Clouds and precipitation remain the most critical forecast elements in numerical weather prediction. The impact on societal activities related to business and transportation is broad. Increasingly these activities are becoming more time-critical as our transportation and business arteries become more congested. This mandates that weather be monitored at more frequent intervals and forecasts be issued with shorter lead times.

The primary issue for short term forecasts is model spin-up time. Forecasters need predictions where clouds and precipitation are available from the earliest time periods. At the Forecast Systems Laboratory we are seeking solutions for running forecast models in computationally limited environments, yet still offering initial conditions that have accurate representations of the water environment. Recent work with a high resolution cloud analysis and focus on the analysis of water in all phases have allowed us to consider merging the derived water environment with model initial conditions. The classically applied variational method continues to provide a means for complex analysis problems of this type. By running a simple, offline cloud model which retrieves liquid and ice partitioning and an estimate of vertical motion from the observed clouds, the variational scheme is designed to accept cloud vertical motion estimates and ice and water content as observations. The cloud vertical motion "observations" are fully coupled to the three dimensional mass and momentum fields using dynamical constraints which minimize the Eularian tendencies in the u- and v-components and ensure continuity is satisfied everywhere in the domain.

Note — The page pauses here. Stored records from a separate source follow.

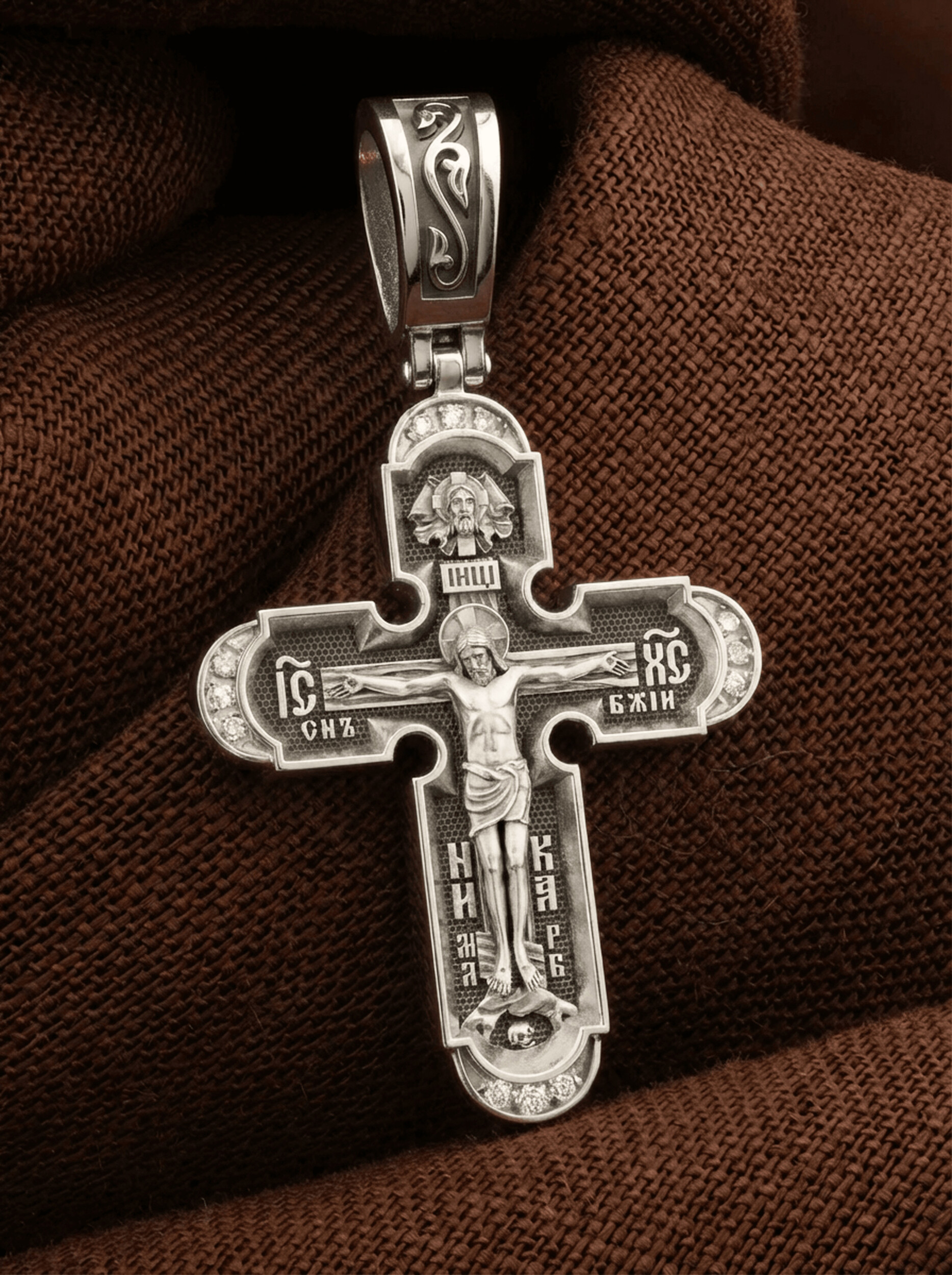 На лицевой стороне нательного креста по традиции изображено Распятие Господа нашего Иисуса Христа. Крест Господень стоит на небольшом каменистом возвышении, символизирующем гору Голгофу, которая обозначена буквами МЛРБ (Место Лобное Рай Бысть). Над головой Господа на поперечной перекладине написано «ИНЦИ», что символизирует табличку, которая была прибита к Кресту, с надписью «Иисус Назорей Царь Иудейский». Этим иудеи хотели посмеяться над Христом, не зная, что распинают истинного Царя всех царей. По сторонам основной перекладины расположены позолоченные рельефные инициалы Христа «ИС ХС». Под перекладиной, по сторонам древа, находится надпись «СЫН БОЖИЙ», а в основании креста — надпись «НИКА» (Победитель).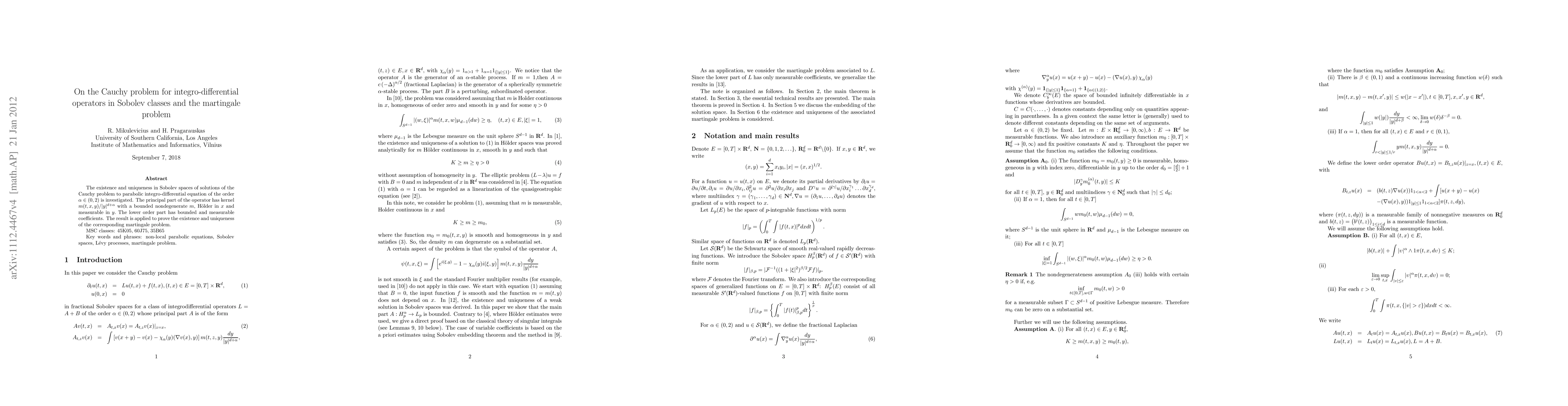 The existence and uniqueness in Sobolev spaces of solutions of the Cauchy problem to parabolic integro-differential equation of the order {\alpha}\in(0,2) is investigated. The principal part of the operator has kernel m(t,x,y)/|y|^{d+{\alpha}} with a bounded nondegenerate m, H\"older in x and measurable in y. The lower order part has bounded and measurable coefficients. The result is applied to prove the existence and uniqueness of the corresponding martingale problem.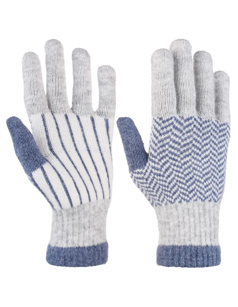 Wykonane z miękkiej i ciepłej dzianiny, zapewniają dłoniom przyjemne otulenie i ochronę przed zimnem. Ich unikalny design polega na połączeniu dwóch różnych wzorów: tył dłoni zdobi modna jodełka (chevron), a spód dłoni utrzymany jest w kontrastowych pasach, co nadaje im niepowtarzalnego charakteru. Elastyczny ściągacz w mankiecie zapewnia idealne dopasowanie i zapobiega wnikaniu chłodu.
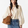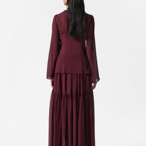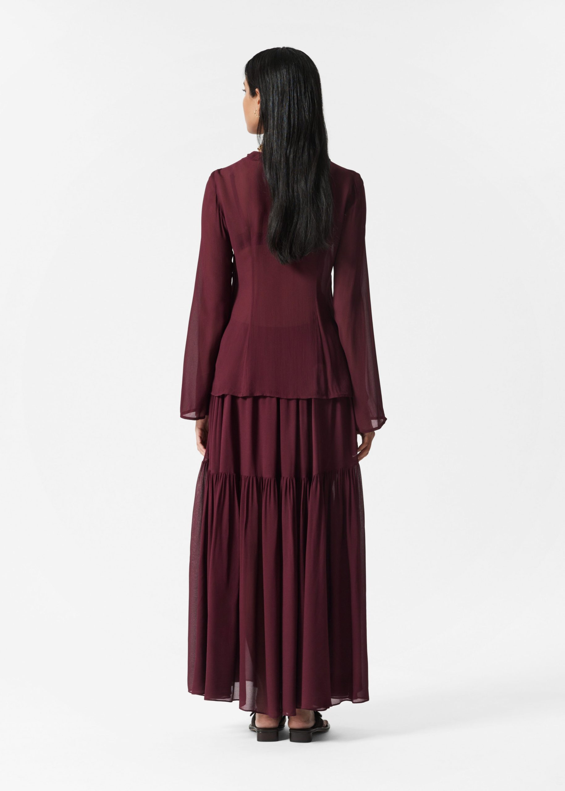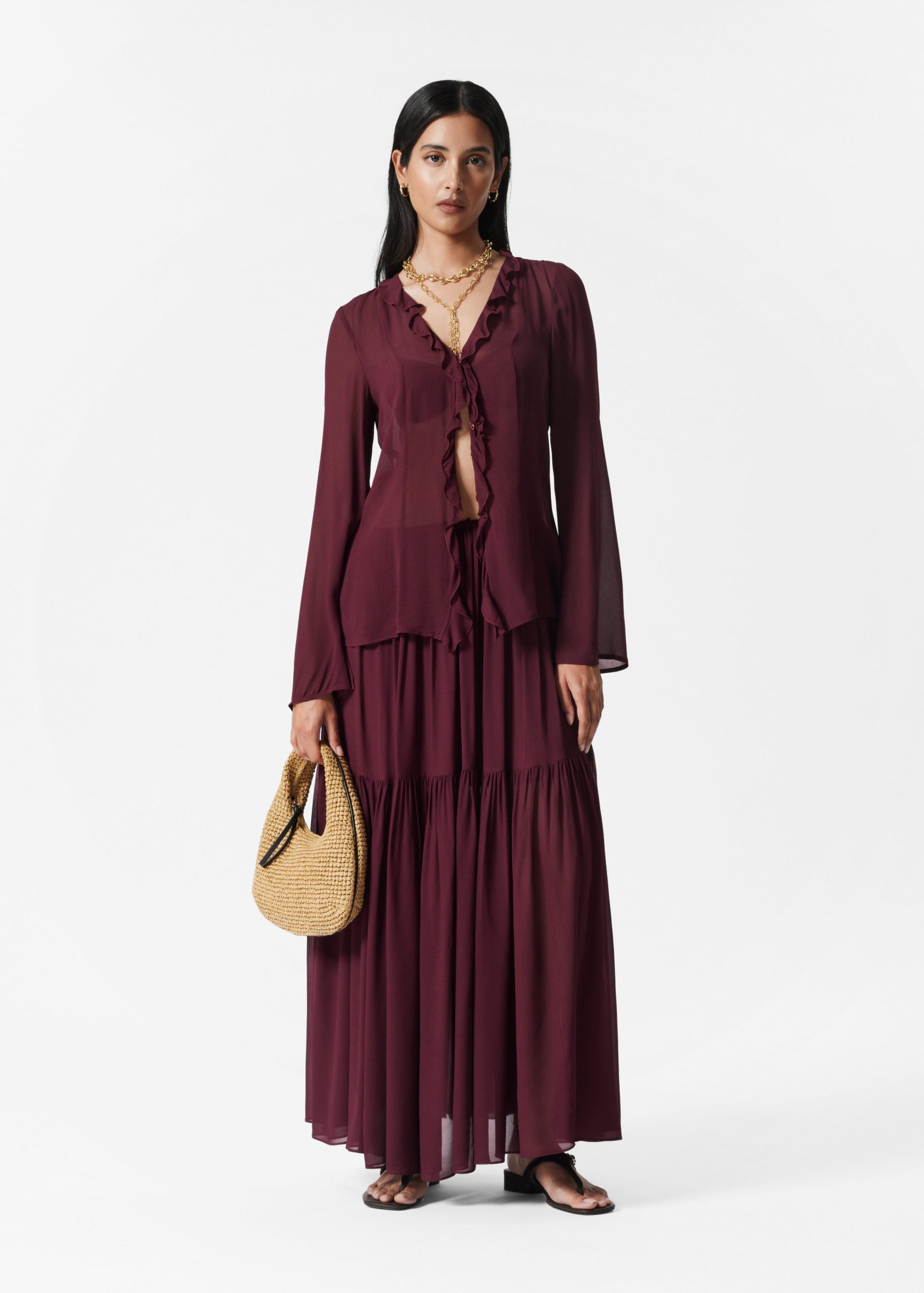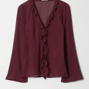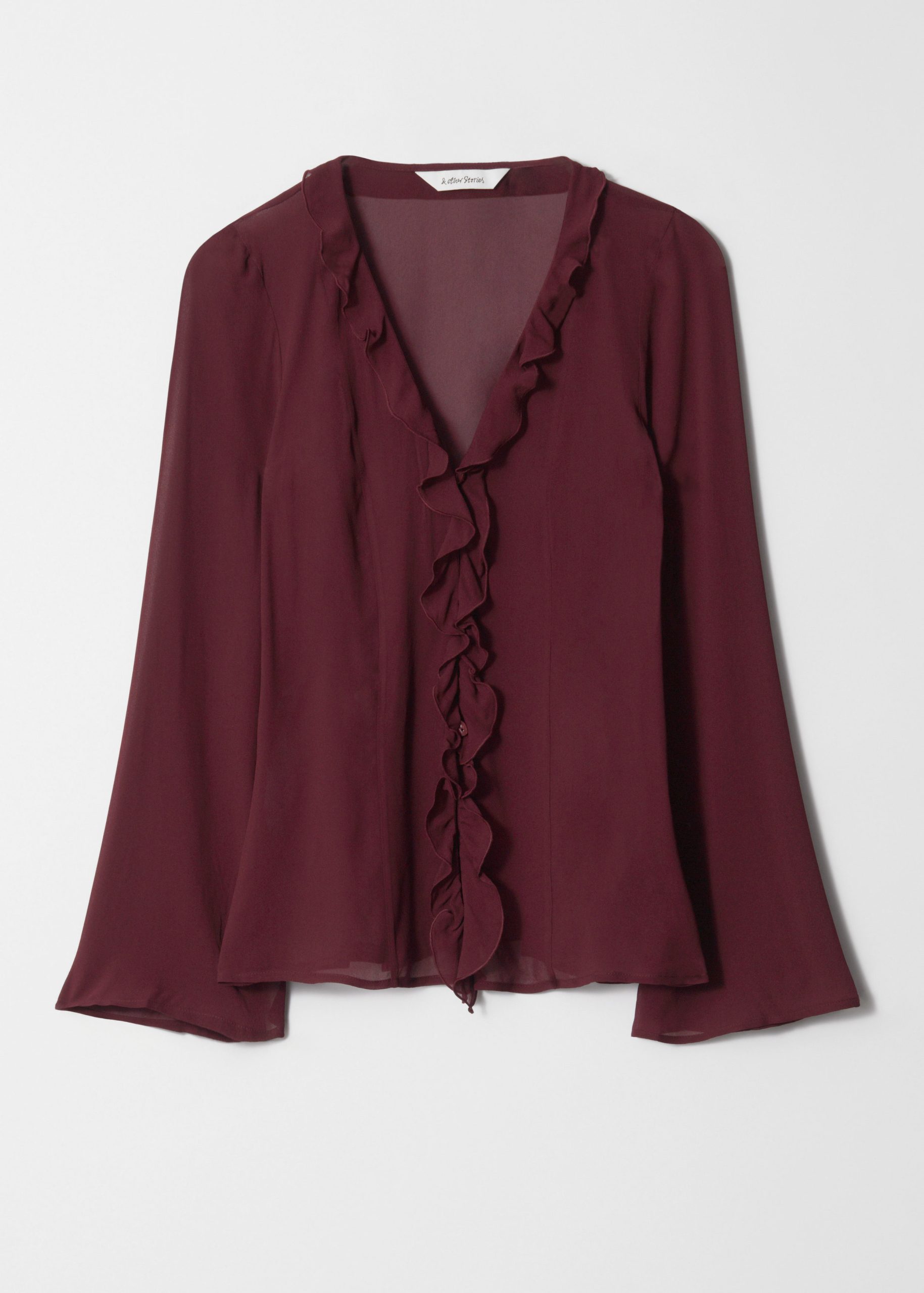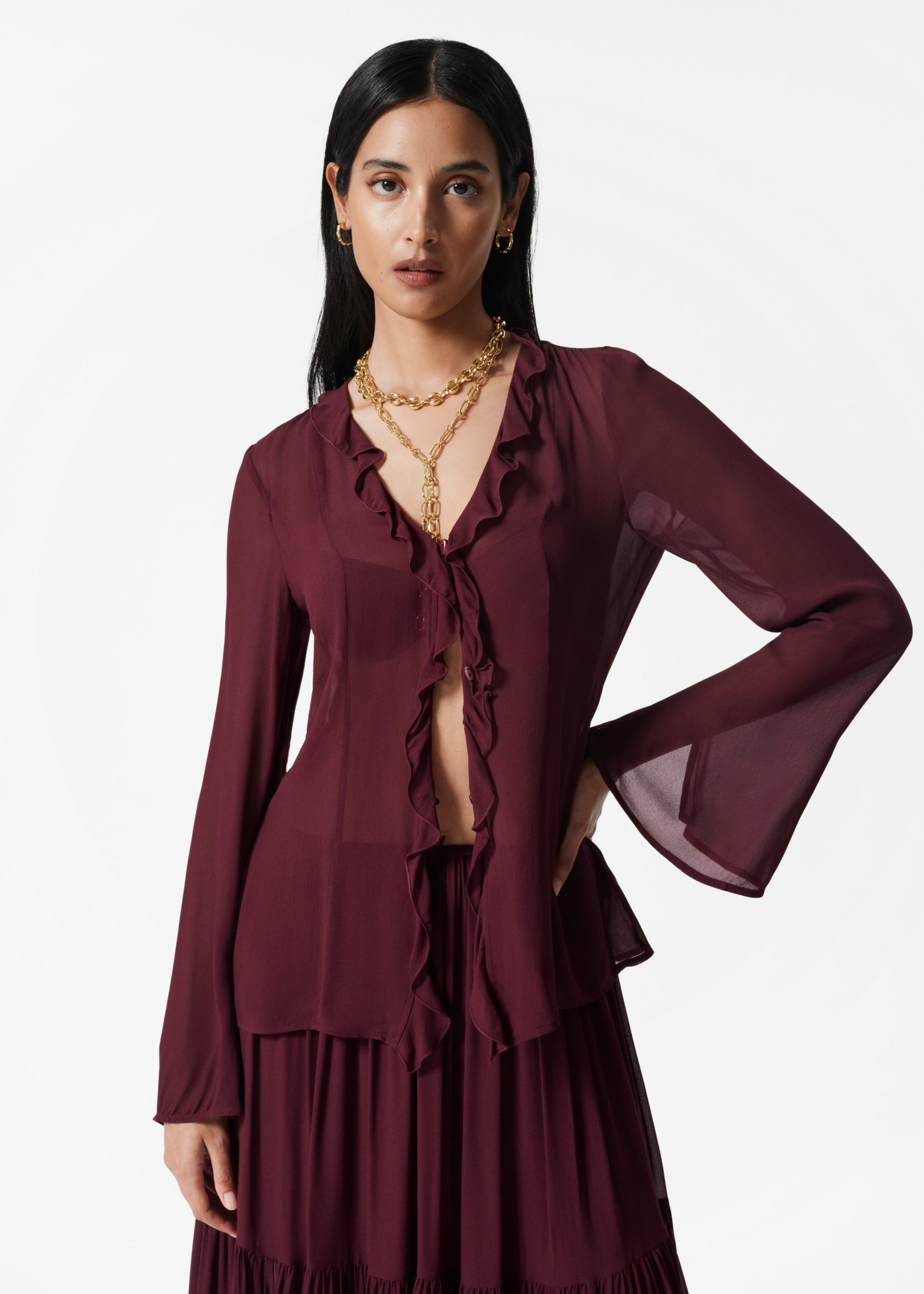 This blouse offers a modern take on 70’s boho. Crafted from a sheer and lightweight chiffon fabric that gently drapes the body. Cut in a fitted silhouette, it features a v-neckline framed by delicate ruffles and long sleeves with flared cuffs, finished with subtle slits. Traced with three button closures at the front.

The scheme performs the analysis on the increment from an input model background. The variational scheme allows for model error (daily compiled) to be input explicitly at each gridpoint. When these grids are used to initialize a non-hydrostatic model, we find that there is no spin-up time and consequently excellent continuity between the initial condition and subsequent forecasts. Validation indicates that the initialization scheme provides better forecasts of state and cloud variables for about 6-9 hours in a limited domain, compared to runs where the model is initialized with the background only. Another advantage is that it need be run only once (no nudging is necessary) and is computationally efficient. This paper is complementary to others in the conference fully describing the moisture analysis and verification statistics for the model.